VAN OOSTERHOUT, Senior Circuit Judge.
This is an appeal by Visual Electronics Corporation1 (Visual) from final judgment denying recovery of unpaid balance on a lease purchase agreement of operating equipment for a UHF-TV station against KLPR TV, Inc., (KLPR), Coronado Corporation, L. M. Beasley, Omer Thompson, Noark Broadcasting, Inc., (hereinafter referred to as Noark), and Noark Investments, Inc.
This case was tried to Judge Miller without a jury. Jurisdiction based upon diversity of citizenship and the jurisdictional amount is established.
The complex pleadings and the issues as well as much of the factual detail are set out in Judge Miller's opinion reported at 327 F.Supp. 315.
The origin of this litigation was a suit commenced by KLPR for a declaratory judgment as to its rights and liabilities arising out of the transactions here involved. All parties heretofore named were ultimately made parties to the suit. With the proper object of minimizing the confusion, the case without objection was properly tried as an action by Visual for payments due it on its counterclaim with counterclaims and asserted defenses filed by KLPR, Coronado Corporation, Beasley, Thompson, Noark and Noark Investments, Inc.

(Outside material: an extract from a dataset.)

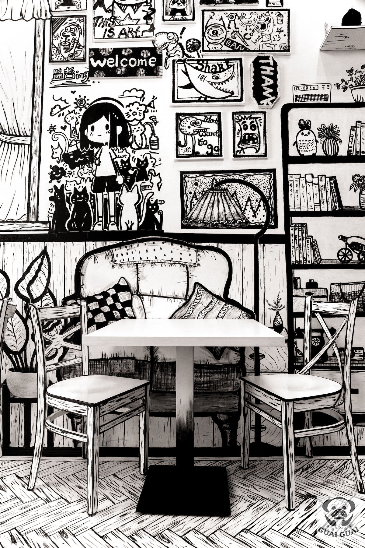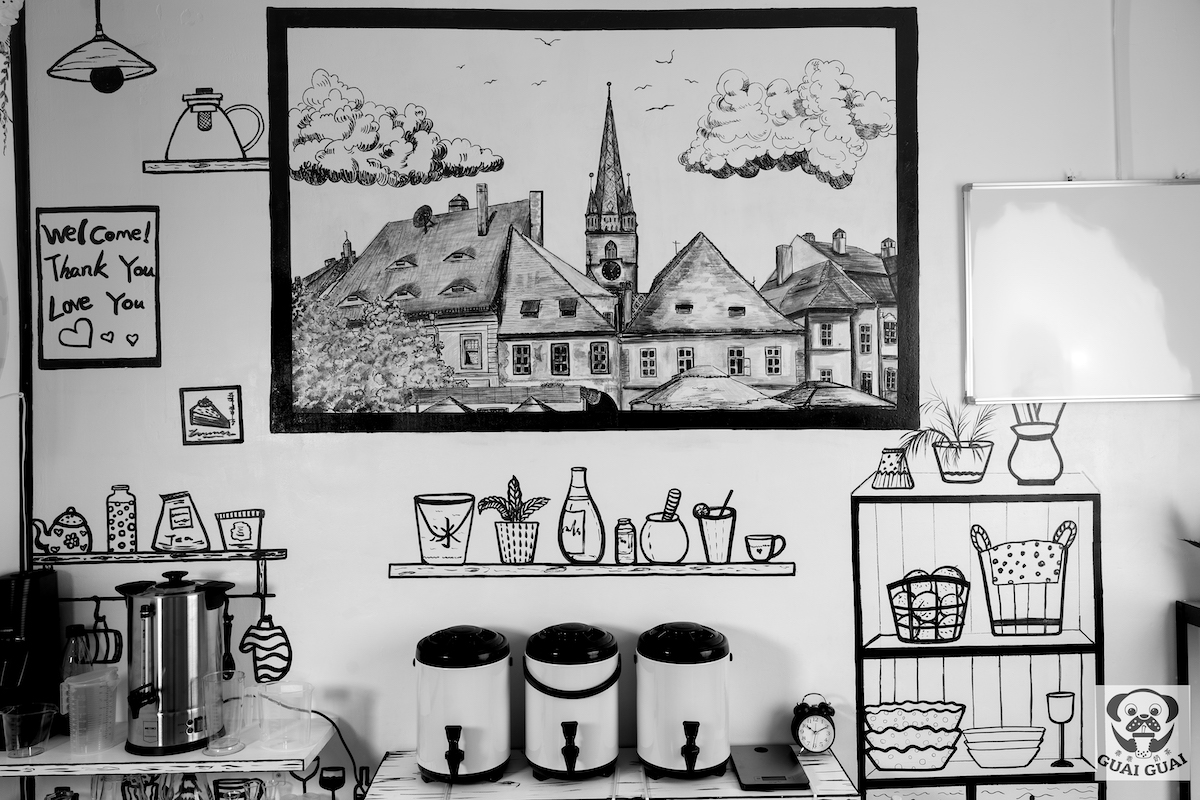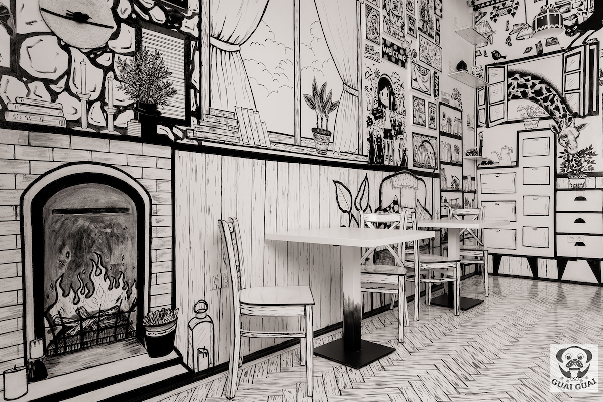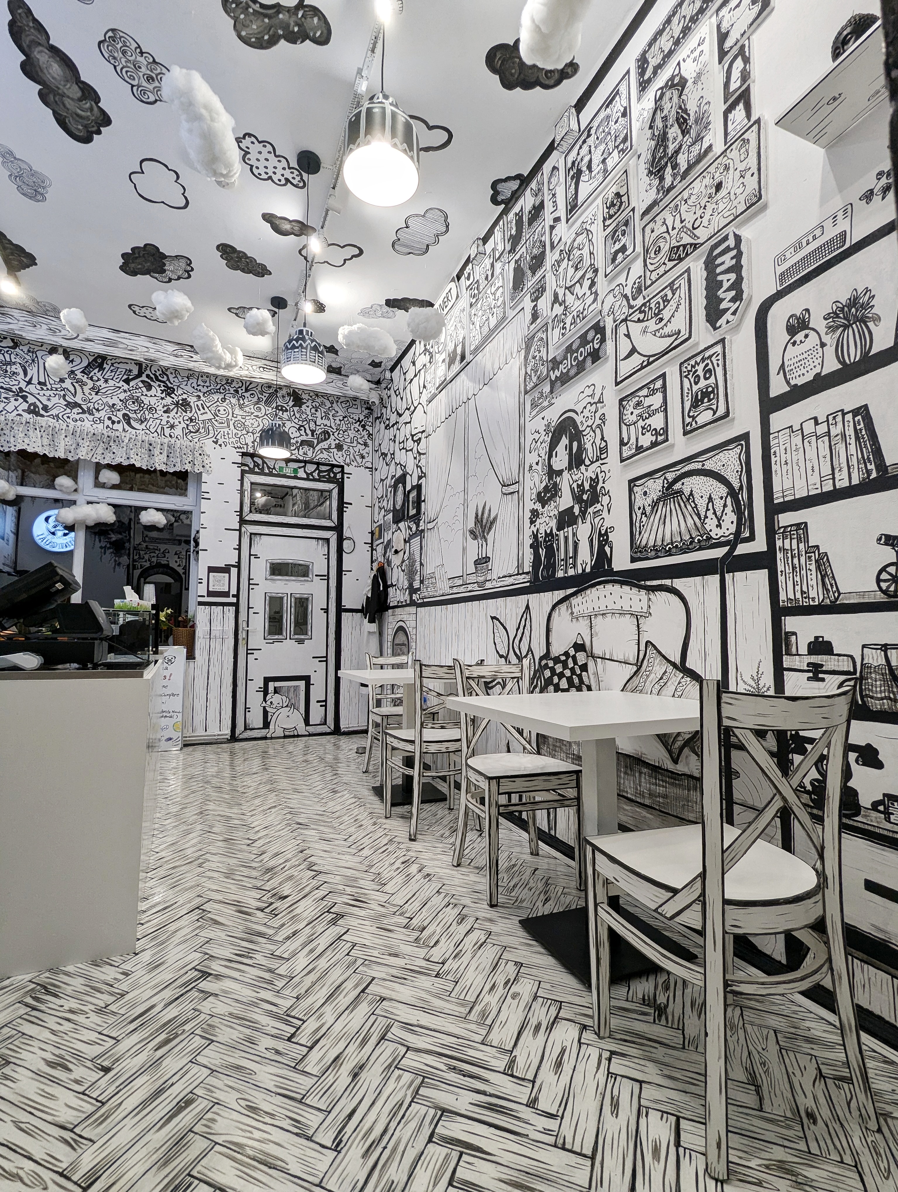 Decorul ceainăriei este cel care o face deosebită. „Desenat și pictat doar în alb și negru, 100% manual, creează senzația că pășești într-o ilustrație sau într-un cadru de bandă desenată”.

KLPR and Coronado are Oklahoma corporations controlled by Beasley and Thompson. KLPR was organized and licensed to operate a television station at Oklahoma City. Coronado, Beasley and Thompson have by written contracts assumed liability on the lease purchase contract entered into by KLPR and Visual and their rights and liabilities are dependent upon those of KLPR. For simplification, we will generally refer to such parties jointly as KLPR.
KLPR with the consent of Visual but with reservation of all rights against the KLPR group assigned its interest under the lease purchase agreement to Noark, an Arkansas Corporation organized to operate a television station at Fayetteville, Arkansas.
Noark Investments, Inc., an Arkansas corporation with the same stockholders as Noark, received an assignment of Noark's rights in the lease. The issue of Noark Investments, Inc.'s liability is not reached unless Noark is found to be indebted to Visual.
KLPR after soliciting and considering bids from various suppliers on August 31, 1965, entered into a written lease agreement with Visual covering operating equipment for a TV station, reciting a consideration of $343,125.00, due in sixty monthly installments of $5,718.75. The lease contains an option to purchase the equipment at the expiration of the lease for $30,500.00. KLPR received a construction permit for its station from FCC on February 6, 1966, and started broadcasting with the leased equipment in June 1966.
KLPR became delinquent in its rental payments. On June 14, 1967, KLPR and Visual entered into a new lease agreement which among other things reduced the monthly payments due up to April 15, 1969, to $2,660.00. The payment schedule and other details of the new lease contract are set out at p. 319 of 327 F.Supp. Coronado, Beasley and Thompson guaranteed the payments due under the June 14, 1967, lease and Coronado exercised the option contained therein for the purchase of the leased equipment.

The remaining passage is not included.